As a preview of our parent workshop on the subject of Freedom and Discipline (now rescheduled to be on February 13th), I have some thoughts for you on the subject. Keep in mind, however, that the great opportunity we all have to participate in this roundtable discussion. (This must be how priests feel when Christmas is on a Saturday and they tell us that THE SUNDAY OBLIGATION HAS NOT BEEN DISPENSED WITH.)
For the people outside the Catholic Church, my little reference in the last paragraph may have made very little sense, or even reminded you of the stereotype that the Catholic Church is all about rules.
On Tuesday, I heard a wonderful homily at my parish which reminded me of a great truth: that these rules exist to carry us along until we have grown in love to the point where we are so in love with God that we are, as the Apostle wrote, a law unto ourselves. Saint Anthony the Great, one of the first Christian monks, put it this way, "once I feared God; now I love Him." Some of our atrium students would add some nuance here: the saint is not talking about "fear" like fearing spiders or deadlines. The saint is talking about a proper sense of reverence and awe; an acknowledgment that he is in charge and we ought to care what He thinks of our actions. After that, I might add in that if Saint Anthony were here to expand upon what he had said, he would probably tell us that the path to true love of God was through a long season of reverence and awe.
To paraphrase one of our contemporaries (Mrs. Ashton), discipline in the Montessori classroom is a combination of two things: 1. Holding firm limits and 2. Teaching grace and courtesy skills. It is by this combination that we seek to accompany each child on the journey to make their will virtuous so that the limits which were once outside themselves enter their heart and mind.

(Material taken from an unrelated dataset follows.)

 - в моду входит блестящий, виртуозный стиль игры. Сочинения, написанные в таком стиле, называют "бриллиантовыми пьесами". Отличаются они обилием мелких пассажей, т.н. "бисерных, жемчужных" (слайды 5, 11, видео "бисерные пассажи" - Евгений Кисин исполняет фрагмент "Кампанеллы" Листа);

Here are some notes to ponder, and hopefully whet your appetite for coming to our parent workshop!
1. Maria Montessori's work was originally written in Italian and has been rendered into English by several translators over several decades. In work by Montessori and about her education method, I have seen the dichotomy we are discussing go under three names: "freedom and discipline", "freedom and limits", and "freedom and boundaries". I absolutely give you permission to attach your mind to whichever one speaks to you as we work together as educational partners. Provide your children with limits. Enforce boundaries with your children. We want the same things for your beloved children.

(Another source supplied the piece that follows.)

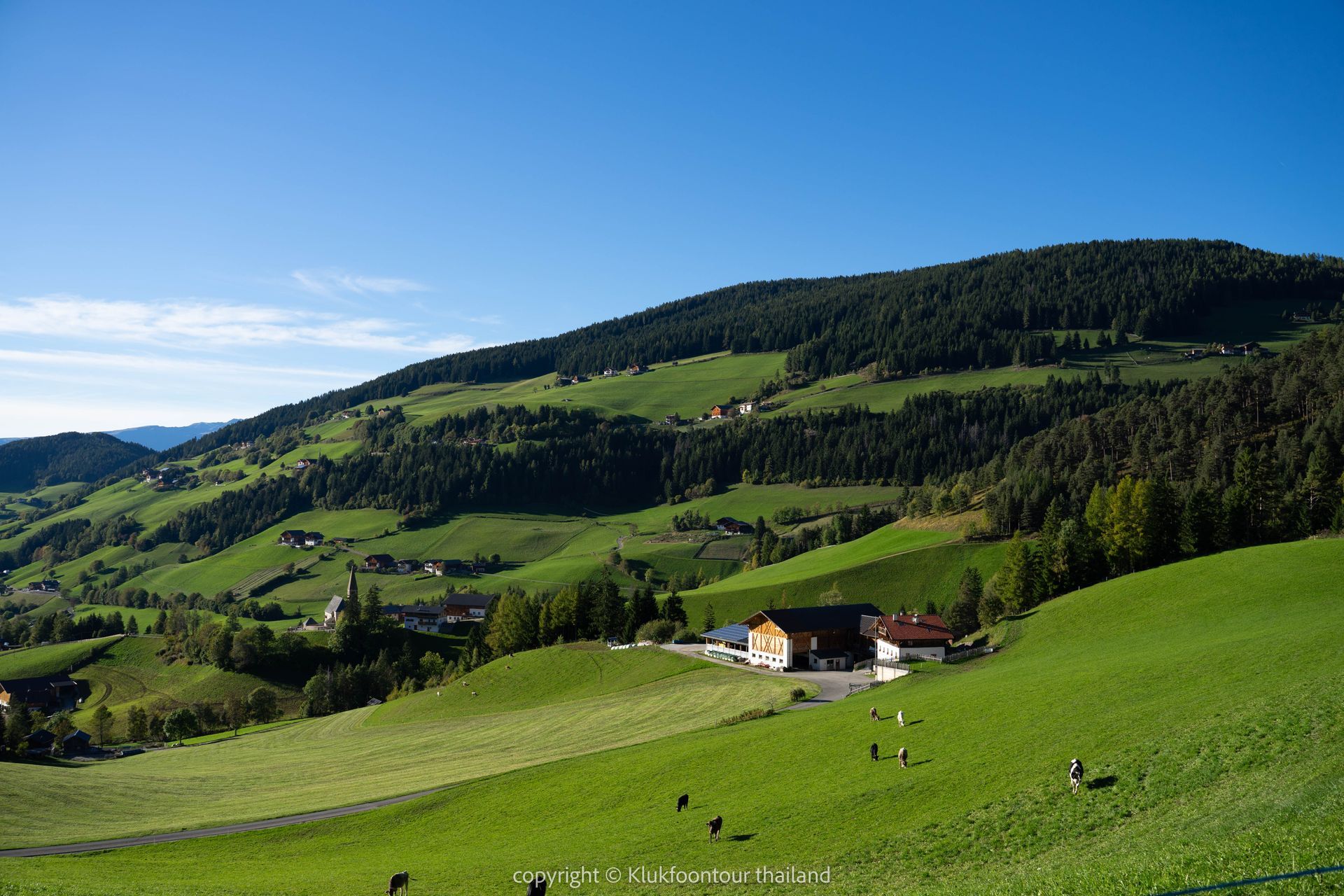 16.30น เดินทางกลับ แวะถ่ายรูปโบสถ์ Chiesetta di San Giovanni in Ranui โบสถ์บาโรกขนาดเล็กท่ามกลางทุ่งหญ้าสีเขียวและฉากหลังเป็นเทือกเขา Odle (ถ้ามีเวลาแวะโบสถ์ Chiesa di Santa Maddalena )

2. When I say, "grace and courtesy", what do I mean? This is not just a Montessori buzzword; it is a section of the curriculum. Every day of school this January we have started our school day with a short lesson on a particular skill. How does one receive a compliment? What can we say instead of "you always" or "you never" when we need to express our displeasure with someone? How does one dispose of food they are unable or unwilling to swallow if it is already in their mouth? Children will not chance upon the norms of living in a community on their own. They need to be taught. If you want your child to be polite, we both need to be consistent models. I must admit that when I was a young teacher back in 2014 and 2015, I was frustrated that my students were less polite than I would have liked. Only eventually did I recall that I am more polite than my parents--that these were skills I learned from teachers, not my parents! That is the day I discovered the importance of grace and courtesy. It is through this curriculum that I pass down the wisdom of the community. Together we practice the unspoken limits of our society.
3. Assessing where the limits are can be a difficult thing, but where the rubber meets the road is what do I do when a child pushes limits? Well, first we enforce the limit. This helps the child know they are safe--no matter what they think at the time, they are thankful that there are responsible adults in charge. The phrase "responsible adults" is used ironically so often nowadays, but I mean it. Even if it is on a subconscious level, your child wants both of us to have consistent rules and hold them to that standard.
What if that does not work? The next stage is to take away some freedom. We try to keep emotions out of it. It is like when I give children math problems that are a little too hard. My response is to dial down the difficulty; I do not want to give the child a task at which they cannot succeed. In what ways do I give children tasks at which they cannot succeed? There are days when one child or another cannot choose where to sit, or cannot choose their work. In those cases, I might choose their spot or choose their work.
How do we keep this from becoming humiliating for the child? More than one of us here at school have read enough of CS Lewis's essays to know that a humanitarian theory of punishment is often the worst of tyrannies. How do we not fall into this trap? We do so by following the dictum I hear often from Mrs. Dankoski: "relationship before rules." What does this mean? It means that when the elementary staff gets together we are trying to think of ways to connect with the children. We chit-chat strategically. Earlier this week at lunch, for example, I drew the tree boss from the video game Kirby's Dreamland on the back of an index card to get a conversation going with someone who played that game over the Christmas break. Thinking back on the words of Saint Anthony, I suppose freedom and discipline are a bit of a mobius strip. We build rapport for the sake of the rules. We enforce the rules so our classroom can be the peaceful place in which relationships may blossom. Each reinforces the other.
More than any theologian, more than any homily or sermon, it is my time in Montessori elementary environment that has shown me the truth of classical ideas of freedom. Are we most free when we see before ourselves an infinite number of choices, some good, some bad, all of seemingly equal quality? No, that is a false idea, a prison. Rather, we are most free when we can walk the virtuous path and choose the good.